Hacía mucho tiempo, un chaval como Miguel, con sus mismos siete años y la misma ilusión provinciana ante un circo en Madrid, había ido a ver a los payasos, trapecistas y demás con su abuela. Era su nieto favorito. No podía parar de agradecérselo y decirle lo mucho que le apetecía ir, y además ir con ella. Se estaba poniendo un poco pesado; de ahí que la abuela le acabara diciendo:
— Anda, cállate y dame un beso…
Ahora que había salido a la luz, lo recordaba como si fuera ayer. El miedo. La angustia. La tristeza. Ahora entendía la cara que había puesto mi madre cuando le había dicho que íbamos al circo con Miguel. Ahora entendía todo. Y me asustaba. No podía ser casualidad. No podía haber dicho exactamente la misma frase. En el maldito circo. Y ella cada vez tenía peor cara…

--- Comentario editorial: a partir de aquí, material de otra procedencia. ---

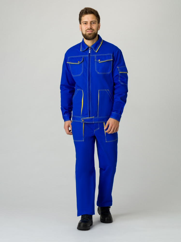 Костюм Лидер (тк.Саржа,250) брюки, васильковый/желтый Текстильторг (ЧЗ) (104-108/170-176)

Y es que ese chaval estaba viviendo con una alegría enorme aquella tarde, la última de su infancia. Rió como un loco con las ocurrencias de los payasos, lanzó suspiros de admiración con los trapecistas, miró embelesado a las distintas fieras que desfilaron. Tigres, leones que venían de cualquier lugar del planeta, incluso del zoo de Madrid. Hasta llegar a ese momento, muy al final, en que su abuela se empezó a encontrar realmente mal y pidió un médico con voz entrecortada, no le quedaba resuello ya…
El resto fue silencio.
Mientras me preguntaba si mis recuerdos eran ciertos o no, miraba a ambos lados para escrutar a mis acompañantes. Y todo me resultaba familiar. Demasiado familiar. La risa de Miguel hacia estallar la ciudad con las paridas de los payasos. Los malditos payasos. Ella estaba lívida, de un color verdoso que no me hacía presagiar nada bueno. Sin embargo, me miraba y sonreía. Al menos hasta que se daba cuenta del sudor frío que me recorría el cuerpo y me veía tragar saliva. No podía ser casualidad.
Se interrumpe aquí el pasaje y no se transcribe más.